"On whatever occasion and in whatever form, should a Prime Minister of India formally visit the disputed border region and celebrate the founding of a state unilaterally declared by India, it will undoubtedly step on China's toes and influence bilateral relations," a write-up in the influential Global Times said.
    
"Just a few weeks after the Indian Minister of External Affairs Sushma Swaraj advocated an 'out-of-box solution' for Sino-Indian border disputes, Modi's visit to so-called 'Arunachal Pradesh', established largely in territory belonging to China's Tibet, has triggered strong dissatisfaction and opposition from China," the article said.
    
It said that while there can be plenty of reasons for Modi to attend the celebration in Arunachal Pradesh, including boosting BJP's political influence, "he has more reasons not to go, among which the major concern is that a visit could add fuel to the long-standing territorial disputes between China and India, making it difficult to achieve a resolution and irritating bilateral ties."
    
China claims Arunachal Pradesh as part of Southern Tibet.

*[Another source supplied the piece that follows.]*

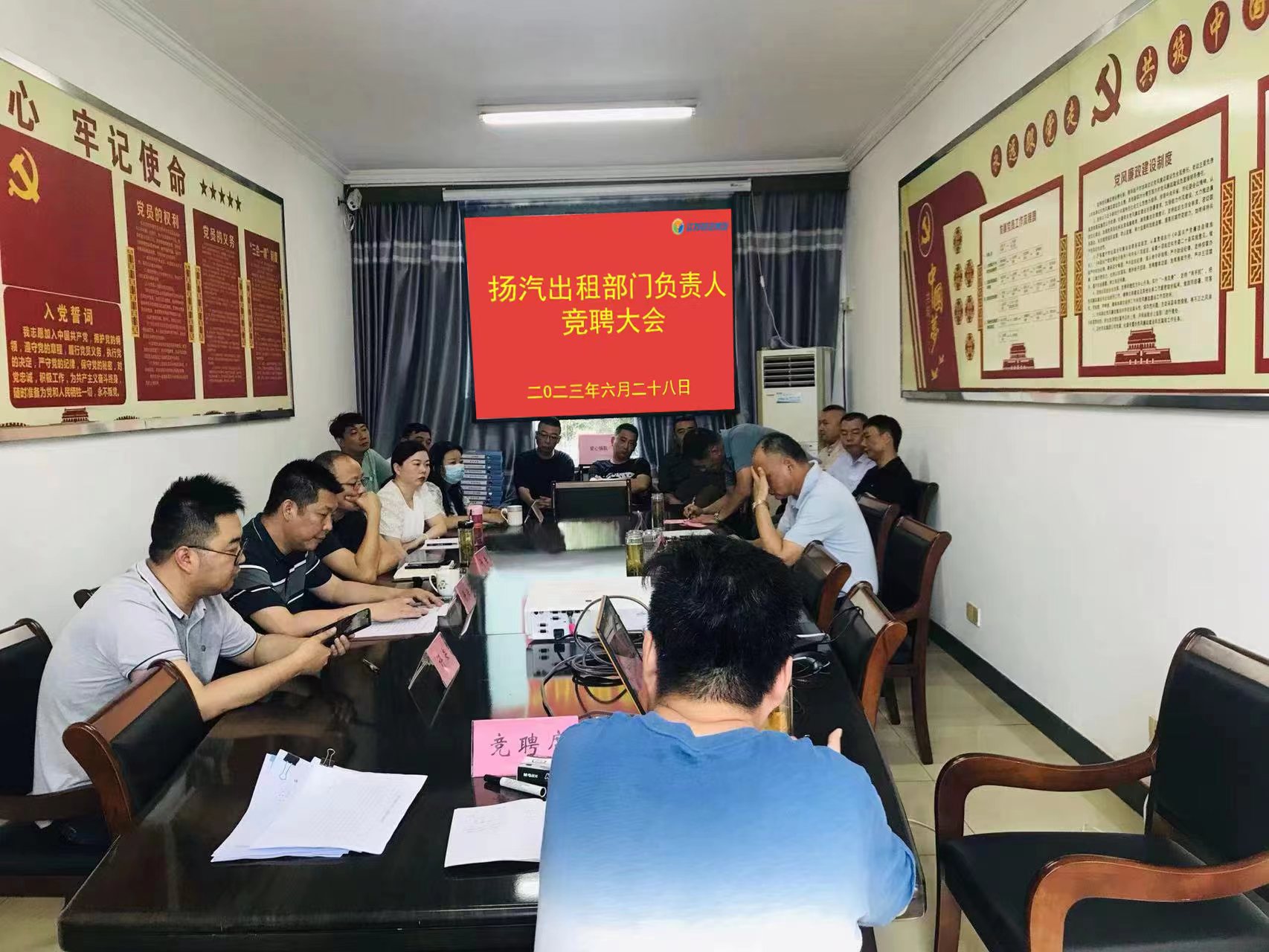 為進(jìn)一步發(fā)揮黨建引領(lǐng)作用,推動(dòng)企業(yè)高質(zhì)量發(fā)展,加大選拔培養(yǎng)管理人才隊(duì)伍建設(shè)力度,6月28日上午,揚(yáng)汽出租組織開展部門負(fù)責(zé)人競聘會(huì),揚(yáng)汽集團(tuán)副總經(jīng)理徐建波、黨群工作部、人力資源部、安全機(jī)務(wù)部、經(jīng)營發(fā)展部及揚(yáng)汽出租相關(guān)負(fù)責(zé)人參加會(huì)議。

It says the border dispute is confined to 2000 km, mainly in the eastern part of the over 4000 km boundary and makes no mention of the Aksai Chin area taken over in the 1962 war.
    
Both India and China are readying for the 18th round of boundary talks expected to take place next month.
    
The talks will be held between designated Special Representatives -- National Security Advisor Ajit Doval and his Chinese counterpart Yang Jiechi.
    
Prime Minister Modi visited Arunachal Pradesh on February 20 to participate in the state's 29th foundation day and also flagged off the Naharlagun-New Delhi Express.
    
China protested the visit twice. While a diplomatic protest was lodged on the same day, the next day Chinese Vice Foreign Minister Liu Zhenmin "called in" Indian Ambassador Ashok Kantha and stated that Modi's visit "infringes on China's territorial sovereignty and interests, magnifies the dispute on the border issue and violates the consensus on appropriately handling the border issue."

Refuting Chinese criticism, spokesperson of the External Affairs Ministry Syed Akbaruddin had said in New Delhi that "the state of Arunachal Pradesh is an integral and inalienable part of India. The people of Arunachal Pradesh are citizens of India. Indian leaders visit Arunachal Pradesh from time to time, as they visit other parts of India."